Solve quadratic related problem without brute force/trial and error or quadratic formula.

Question

At least I need to explain to an 11 year old

One square is cut out of another. Side lengths of each square are whole numbers less than 25. Remaining area of larger is 57. What is perimeter of smaller square?

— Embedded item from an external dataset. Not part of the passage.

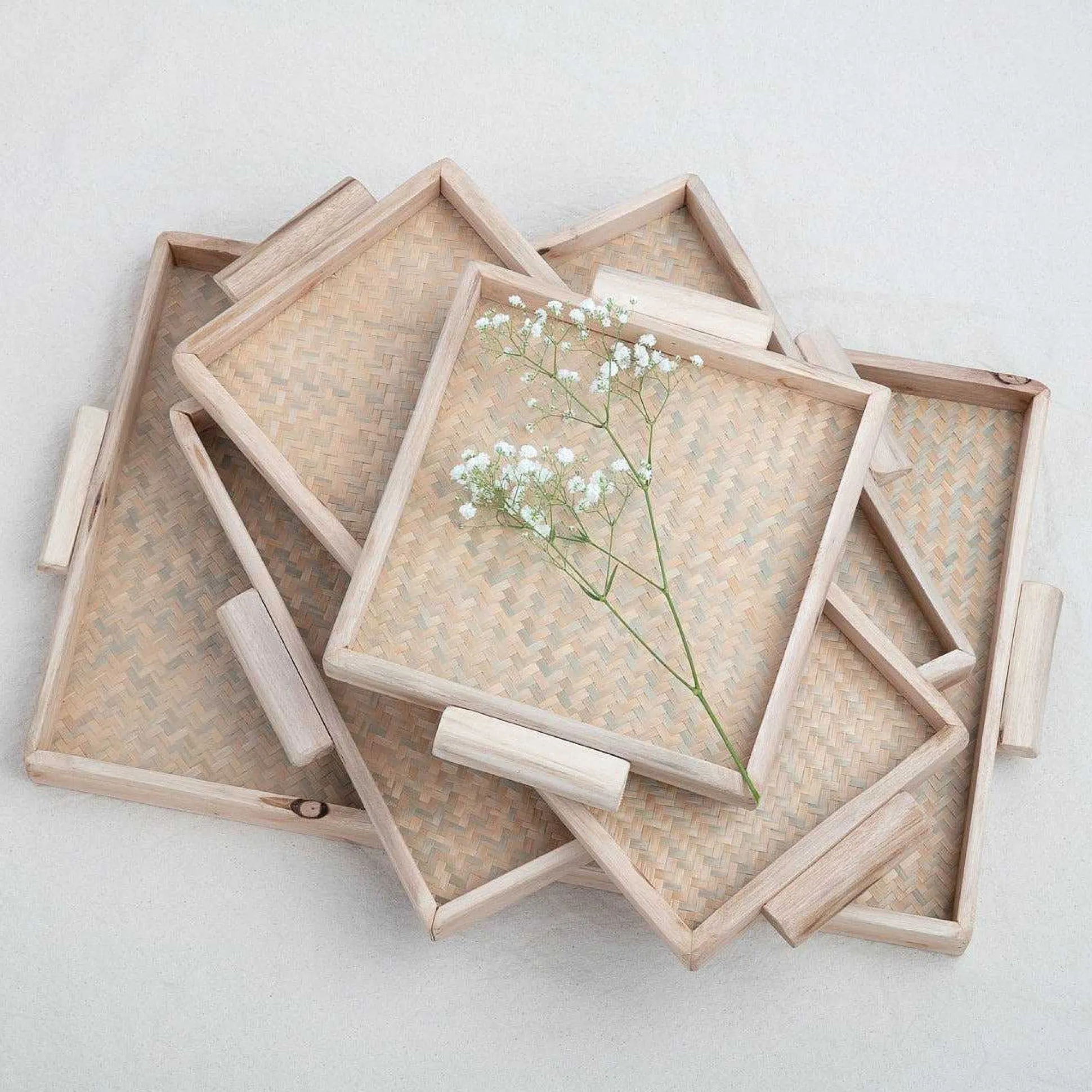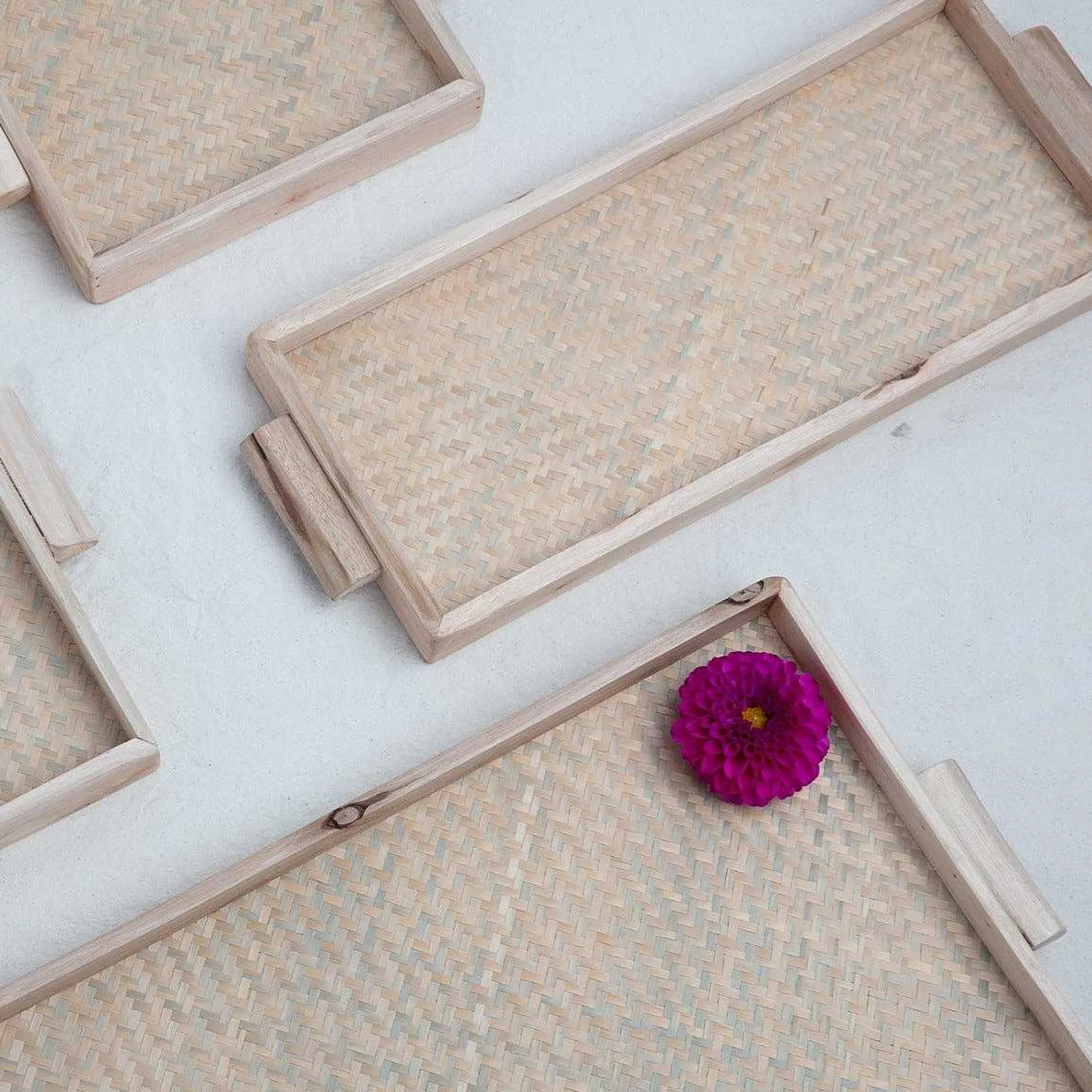 Our reclaimed wood trays meet woven seagrass in our latest assortment of elegant, eco-friendly pieces. Boasting a lighter color palette, these natural beauties include a touch of verdant texture for a modern, artisanal accent to any space.

Obviously we can use excel to find B (bigger), L (littler, if that's even a word) s.t $B^2 - L^2 = 57$ namely B=11,L=8 but I think there is some simple trick to this that I'm overlooking like we would be able to compute 4L without directly computing B or L. Completing the square?

Like

$B^2 - 57 - 4L + 4 = L^2 - 4L + 4$

Side question: is quadratic formula even helpful here? I think we are still going to do trial and error

Answer 1

Hint : Use $$B^2-L^2=(B-L)(B+L)=57$$ For every pair $(u,v)$ with $uv=57$, solve the linear equation system $$B-L=u$$ $$B+L=v$$ This should be faster than trial and error.

Answer 2

From what I understand, we have:

$B^{2} -L^{2} = 57 \Rightarrow (B+L)(B-L) = 57$

Factorising $57$: $57 = 19 \cdot 3$

Since $B,L \in \mathbb{N}$, and $B>L$, we get $B+L = 19, B-L = 3$

This gives us $B = 11$ and $L = 8$. So the perimeter of the smaller square is $32$

Edit: note we also get the solution $B = 29, L = 28$, but we reject these using the initial condition $B,L < 25$